O apito canino de ‘adequado para a família’
Turning Point USA está apresentando um show alternativo “All American” do intervalo do Super Bowl “celebrando a fé, a família e a liberdade” – uma descrição que reforça as ideias de direita sobre nacionalidade e funciona como um apito para a pureza racial, sexual, linguística e nacional.
Poderíamos argumentar que o programa Turning Point não trata de raça ou exclusão, mas é um argumento difícil de sustentar, dado o padrão de reação recente.
Desde 2019, a empresa de Jay-Z, Roc Nation, tem colaborado com a NFL para reconstruir a imagem da liga após seu conflito com Colin Kaepernickque foi efetivamente expulso da liga depois de se ajoelhar durante o hino nacional para protestar contra a violência policial e a injustiça racial.
A parceria aumentou a visibilidade dos géneros associados à resistência e à resiliência, incluindo hip-hop, rap e agora reggaeton.
Um ambiente mais inclusivo, um tanto diplomáticoo processo de seleção empurrou o show do intervalo para o reino da relevância cultural, permitindo que a NFL alcance novas comunidades. Contudo, no clima polarizado da América, o que é considerado relevante está em debate.

(Foto AP/Matt Slocum)
São evocadas preocupações com conteúdo “familiar”. No entanto, eles estão próximos de discursos de antiamericanismo e de preocupações sobre falta de representação branca. O Turning Point USA não precisa evocar explicitamente raça ou idioma para sinalizá-lo.
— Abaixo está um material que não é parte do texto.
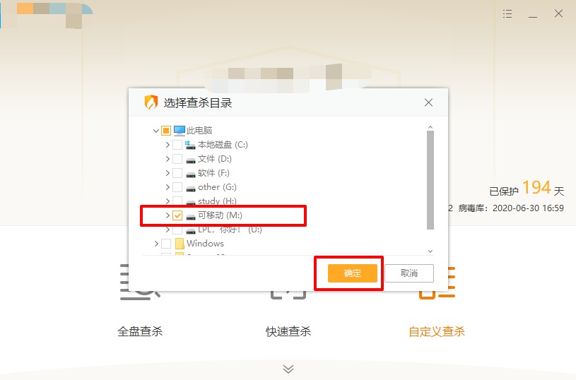 3、之后,就直接选择扫描区域为u盘,点击“确定”并根据提示操作清理病毒即可

Um palco político – admitamos ou não
Muitos argumentam que o show do intervalo da NFL se tornou politizado. Mas, na realidade, sempre foi um evento inerentemente político.
Quem pode ser visto uma transmissão com centenas de milhões de espectadoresquem é considerado uma escolha convencional e quem é considerado provocador, envolvem questões sobre quem realmente pertence – e quem não pertence.
O show do intervalo do Super Bowl é apenas uma manifestação de uma conversa mais ampla que está acontecendo nos EUA sobre a validade de uma variedade de expressões da experiência americana.
O movimento MAGA pode ter conquistado a Casa Branca, mas em termos dos valores e gostos culturais da América, as suas fronteiras não impedem que milhões de americanos fiquem entusiasmados com o espectáculo.